The Week in Torts – Cases from the Week of August 19, 2016
FLORIDA LAW WEEKLY
VOLUME 41, NUMBER 33
CASES FROM THE WEEK OF AUGUST 19, 2016
COURT ABUSED DISCRETION IN DENYING INSURER’S MOTION FOR LOST PAST EARNINGS AND LOST FUTURE EARNING CAPACITY WHERE AWARDS WERE PRIMARILY BASED ON THE INSURED’S SPECULATIVE TESTIMONY ABOUT HIS POTENTIAL EARNINGS.
Safeco Insurance Co. v. Fridman, 41 Fla. L. Weekly D1870 (Fla. 5th DCA August 12, 2016):
Plaintiff sued his UM carrier for injuries resulting from an auto accident. At the time, he was 41 years old and unemployed. Prior to the accident, he had been an electronics salesman for several years earning $800-$1,000 per week. He had also operated a retail marble and tile store. At trial he could not recall the exact earnings from the business explaining it was a growing business and he did not remember getting a paycheck.

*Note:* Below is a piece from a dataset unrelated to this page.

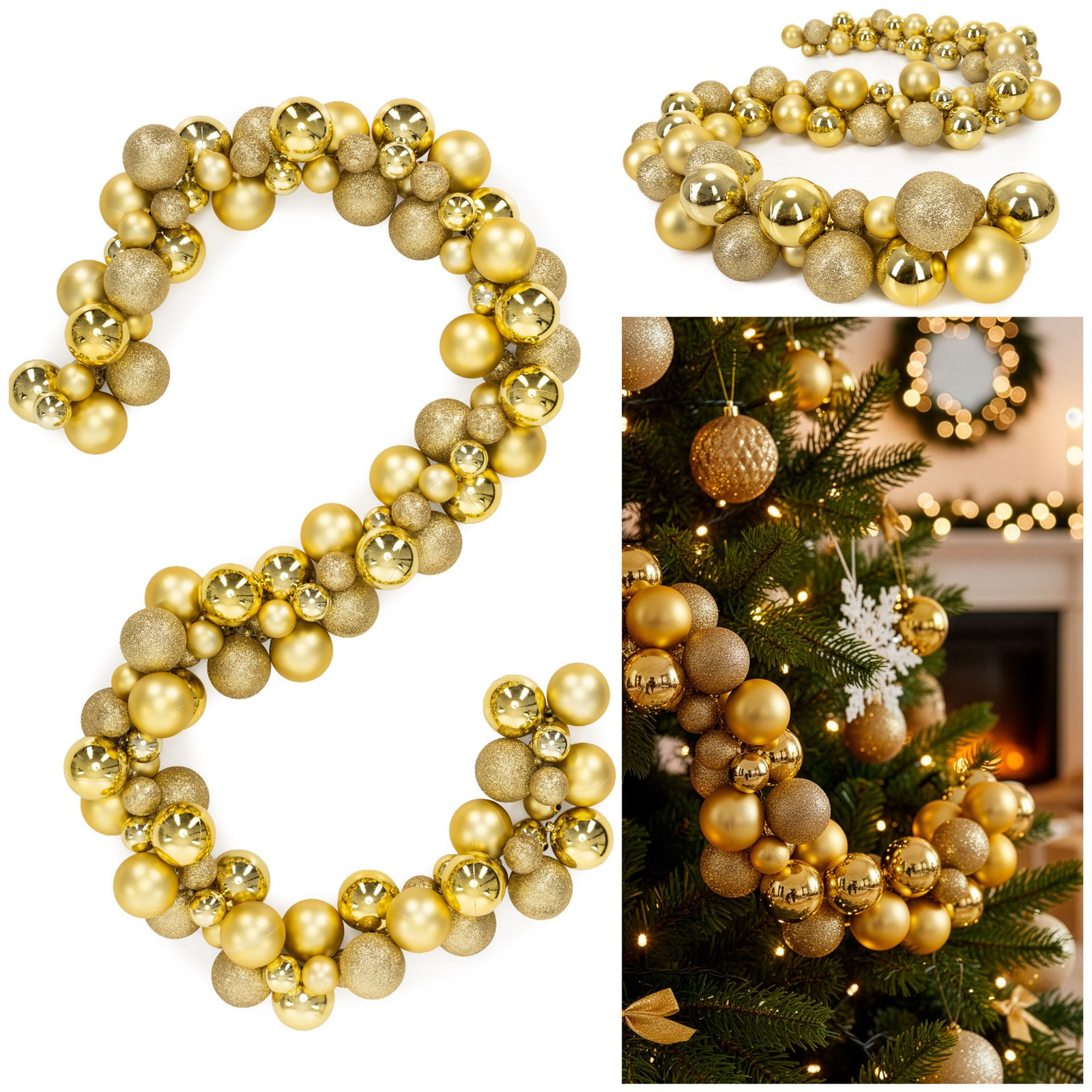 Girlanda świateczna z 130 szt. bombek, łańcuch choinkowy 160 cm, złote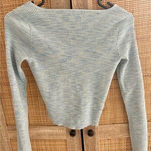 Cropped cardigan from BP, excellent condition. More blue than it comes across in pictures! With fitted cropped design perfect as a light layer or a trendy cropped button up top. Fitted design, ribbed, marl knit.

Shortly after the collision, the plaintiff found a new location to open a wholesale marble and tile business which stayed open for approximately 20 days, during which time he lost money. He testified he closed the business because he could not lift the marble as a result of the injuries suffered in the accident. Plaintiff then went to work in an electronics store, earning a commission of $400-$600 per week, and later at a photoshop, earning $500-$600 per week. Subsequently, he obtained employment at a cash-for-gold store, earning approximately $1,200 per week.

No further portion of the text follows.